Walmart’s John Furner says higher-income shoppers are coming to discount grocery chains
Even six-figure earners are retreating on food budgets as fuel, tariffs, and prices squeeze family finances.

Walmart CEO John Furner said higher-income customers are visiting Walmart more often and buying more. The shift is happening as fuel costs, tariffs, and trade uncertainty push food prices higher, forcing even six-figure earners to shop discount.
Walmart CEO John Furner says Walmart is seeing higher-income shoppers come in more frequently, buy more, and show fewer signs of “stress” than lower-income customers. “We do continue to see the higher-income customers coming to Walmart,” Furner told reporters during the retailer’s annual shareholders’ week in Bentonville, Arkansas, last week. “We're meeting more of them, they're buying more, they're coming more frequently.”
He also made the quiet part loud: Walmart’s lower-income shoppers are showing “more signs of stress,” and the company is not treating it like a niche problem. It is a broader affordability squeeze, and Furner points to the pressure point that tends to hit grocery math hardest: fuel. “That’s really the stress point, is the price of fuel,” he said, adding, “Hopefully we see some relief on energy prices.” In plain terms, if it costs more to move everything, food prices get pushed upward, and budgets get re-allocated, even for people earning well above $100,000.
That is the backdrop for why discount grocery is no longer just a “core customer” story. Fortune reports that more six-figure earners are turning to discount grocery chains as food costs rise on the back of spiking oil prices, tariffs, and global trade uncertainty. Walmart is positioned to absorb some of that shock because it is already the largest food retailer in America, with enough scale to keep prices competitively lower even as fuel costs increase. But Furner’s comments are a reminder that scale is not magic. If gas stays high, the affordability pressure does not vanish. It just changes how people shop, and how often.
And the shopping behavior is already showing up in the receipts, not just in executive talking points. The article cites Toast data showing the median price of a cold brew coffee has increased 3.7% since May 2025, while burgers have risen 2.4% over the same period. Meanwhile, core grocery essentials are also moving upward: the typical price of a pound of ground beef hit a record $6.90 per pound last month, up about 19% from a year ago. Orange juice prices rose 21% between January 2025 and February this year, and sandwich bread is 4.3% more expensive. These are not abstract inflation headlines. They are line items that determine whether a household cuts elsewhere or borrows from other parts of the budget.
The second-order implication is that the spending trade-offs are widening beyond groceries. Around 75% of respondents in a 2025 survey by Swiftly said they have cut spending on other expenses to afford groceries. That pattern has knock-on effects for industries that depend on discretionary dollars: entertainment, travel, dining out, and even clothing. And it aligns with signals from other discount retailers. The CEO of Dollar General, Todd Vasos, told analysts earlier this month that shoppers are cutting back on food and other household goods.

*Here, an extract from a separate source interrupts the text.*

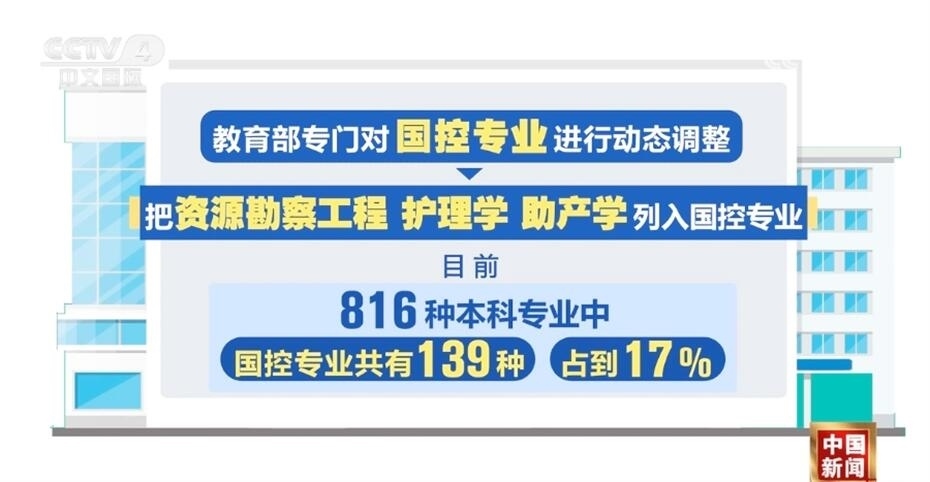 此次教育部專(zhuān)門(mén)對(duì)國(guó)控專(zhuān)業(yè)進(jìn)行了動(dòng)態(tài)調(diào)整,把資源勘察工程、護(hù)理學(xué)、助產(chǎn)學(xué)列入了國(guó)控專(zhuān)業(yè)。目前,816種本科專(zhuān)業(yè)中,國(guó)控專(zhuān)業(yè)共有139種,占到17%。未來(lái),國(guó)控專(zhuān)業(yè)范圍還將進(jìn)行“有進(jìn)有出”的動(dòng)態(tài)調(diào)整。

Fortune also reports that this is an escalation from prior concerns voiced by food companies that customers were hunting for bargains but still buying the same amount of food. Now even budget store shoppers are pulling back on the quantity they pick up.
The “rich to bargain” shift is getting quantified too. A 2025 report from Clarify Capital found that more than seven in 10 of six-figure earners shop at discount grocery chains to save cash. It also found that the financial squeeze bleeds into multiple categories: about 74% are cutting back on dining out, 54% on entertainment, 51% on clothes, 49% on subscriptions, and 49% on travel. The headline here is not that high earners are suddenly “poor.” It is that income is no longer functioning like a shield against inflation stress. As the Clarify Capital report puts it, “High earners are feeling squeezed by inflation, stressed by social pressure, and more mindful about what it really means to be well-off.”

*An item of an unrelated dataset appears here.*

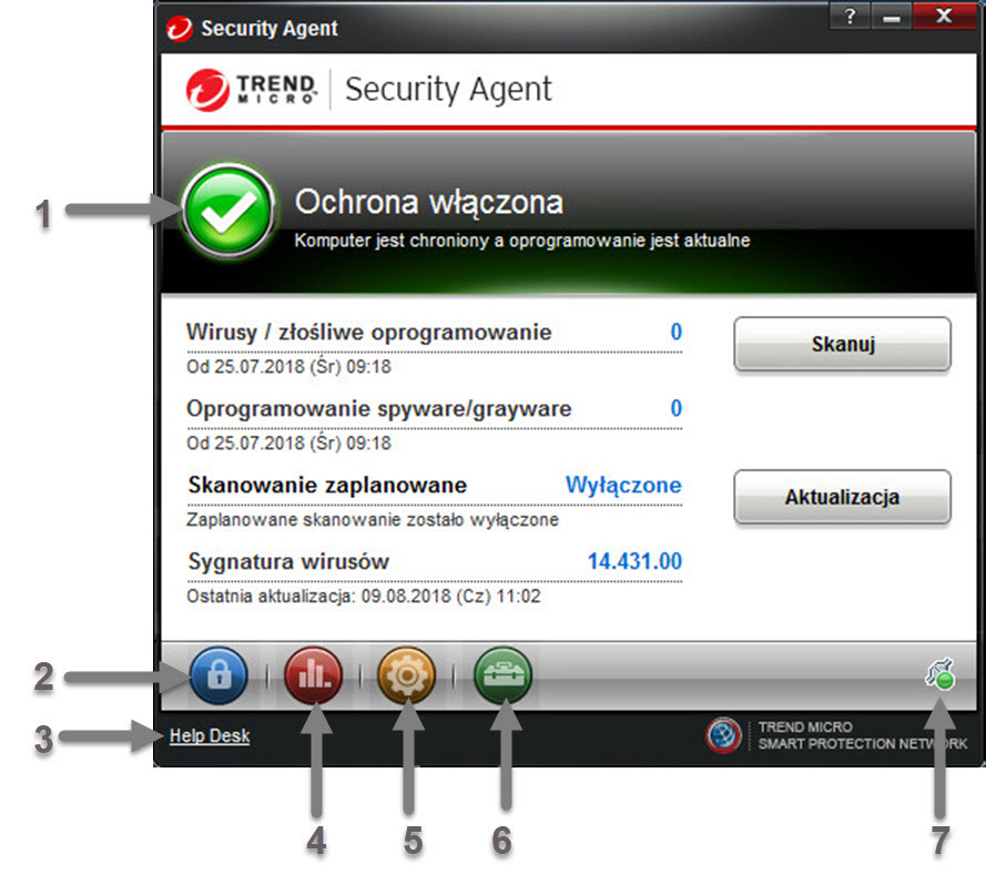 Wyświetlanie informacji dotyczących bieżącego stanu programu Security Agent oraz chronionego przez ten program urządzenia typu punkt końcowy. |

For boards, investors, and operators, this matters because it changes demand shape. When affordability pressure expands upward, it can alter loyalty and pricing power across the entire retail and food ecosystem. Discount chains may see more retention among shoppers who previously would have considered them a “last resort.” Meanwhile, big retailers like Walmart benefit from inflows, but the benefit can be uneven across categories as fuel-related costs keep threatening margins and forcing promotional intensity. The strategic question for leaders is whether today’s shift is a temporary behavioral adjustment or the start of a new shopping baseline that competitors will have to plan for in their budgets. Furner’s comments suggest the risk is real: fuel costs are the stress point, and relief is not guaranteed.